** Opening Supplied records block **
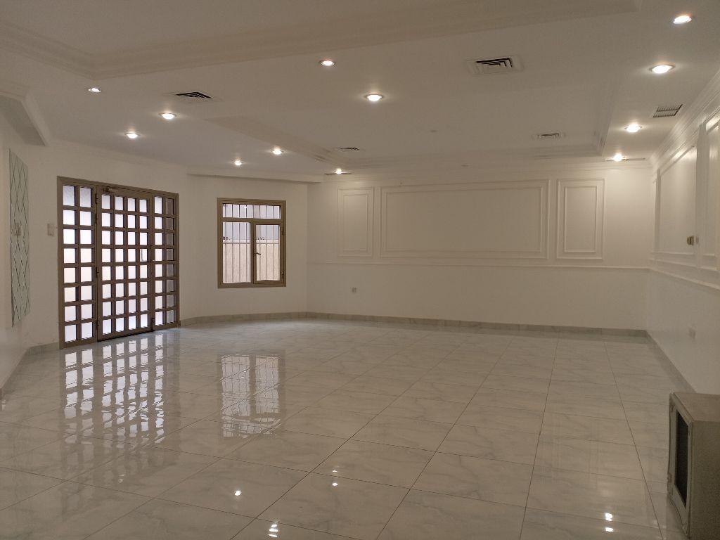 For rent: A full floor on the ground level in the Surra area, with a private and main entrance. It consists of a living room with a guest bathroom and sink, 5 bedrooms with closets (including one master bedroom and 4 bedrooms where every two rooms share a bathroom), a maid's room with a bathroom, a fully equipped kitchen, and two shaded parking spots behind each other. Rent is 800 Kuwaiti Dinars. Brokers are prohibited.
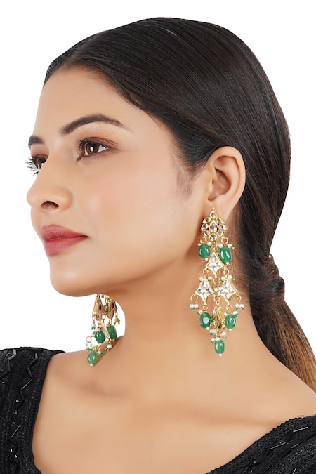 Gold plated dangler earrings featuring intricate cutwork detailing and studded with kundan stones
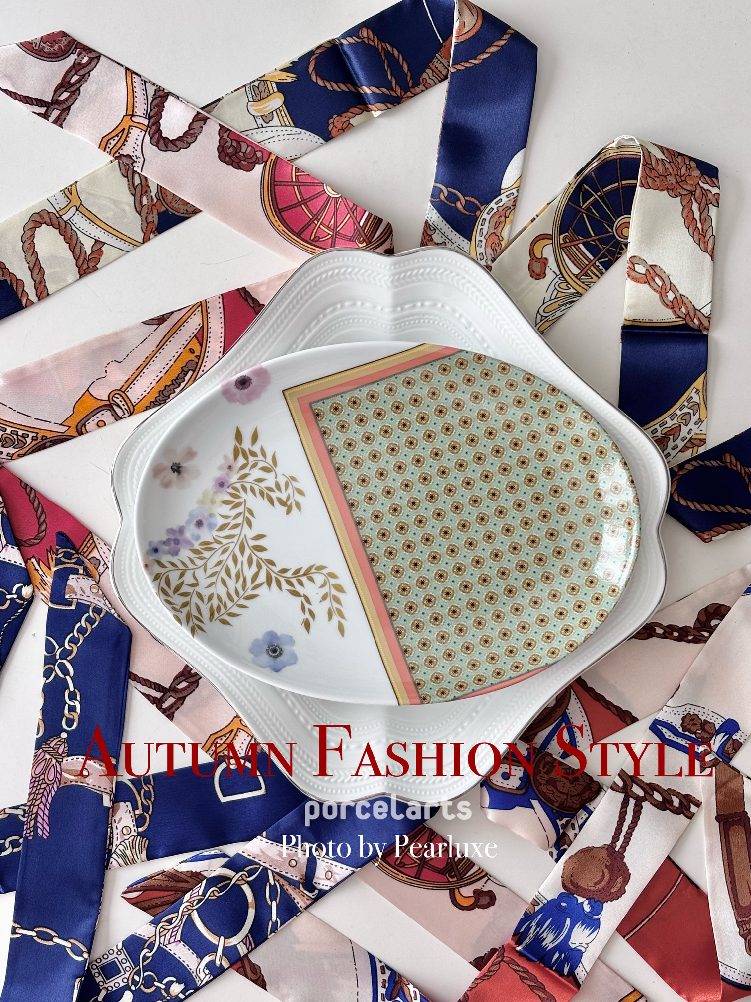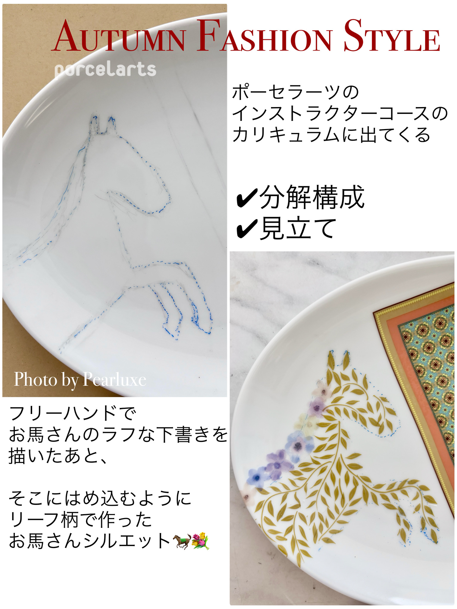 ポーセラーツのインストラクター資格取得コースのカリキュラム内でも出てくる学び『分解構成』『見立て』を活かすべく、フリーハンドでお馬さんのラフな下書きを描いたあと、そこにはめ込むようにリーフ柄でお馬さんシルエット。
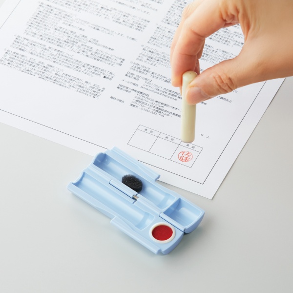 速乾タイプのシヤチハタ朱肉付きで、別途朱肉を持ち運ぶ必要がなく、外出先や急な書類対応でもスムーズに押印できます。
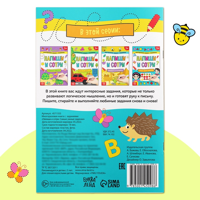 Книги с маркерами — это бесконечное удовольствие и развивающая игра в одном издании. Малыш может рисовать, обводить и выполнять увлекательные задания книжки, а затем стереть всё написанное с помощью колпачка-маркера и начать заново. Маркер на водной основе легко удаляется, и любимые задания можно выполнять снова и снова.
** Closing Supplied records block **
Aim of the exercise: Repeat all of the records verbatim, leaving out the pictures.

Response area:
 For rent: A full floor on the ground level in the Surra area, with a private and main entrance. It consists of a living room with a guest bathroom and sink, 5 bedrooms with closets (including one master bedroom and 4 bedrooms where every two rooms share a bathroom), a maid's room with a bathroom, a fully equipped kitchen, and two shaded parking spots behind each other. Rent is 800 Kuwaiti Dinars. Brokers are prohibited.
 Gold plated dangler earrings featuring intricate cutwork detailing and studded with kundan stones
 ポーセラーツのインストラクター資格取得コースのカリキュラム内でも出てくる学び『分解構成』『見立て』を活かすべく、フリーハンドでお馬さんのラフな下書きを描いたあと、そこにはめ込むようにリーフ柄でお馬さんシルエット。
 速乾タイプのシヤチハタ朱肉付きで、別途朱肉を持ち運ぶ必要がなく、外出先や急な書類対応でもスムーズに押印できます。
 Книги с маркерами — это бесконечное удовольствие и развивающая игра в одном издании. Малыш может рисовать, обводить и выполнять увлекательные задания книжки, а затем стереть всё написанное с помощью колпачка-маркера и начать заново. Маркер на водной основе легко удаляется, и любимые задания можно выполнять снова и снова.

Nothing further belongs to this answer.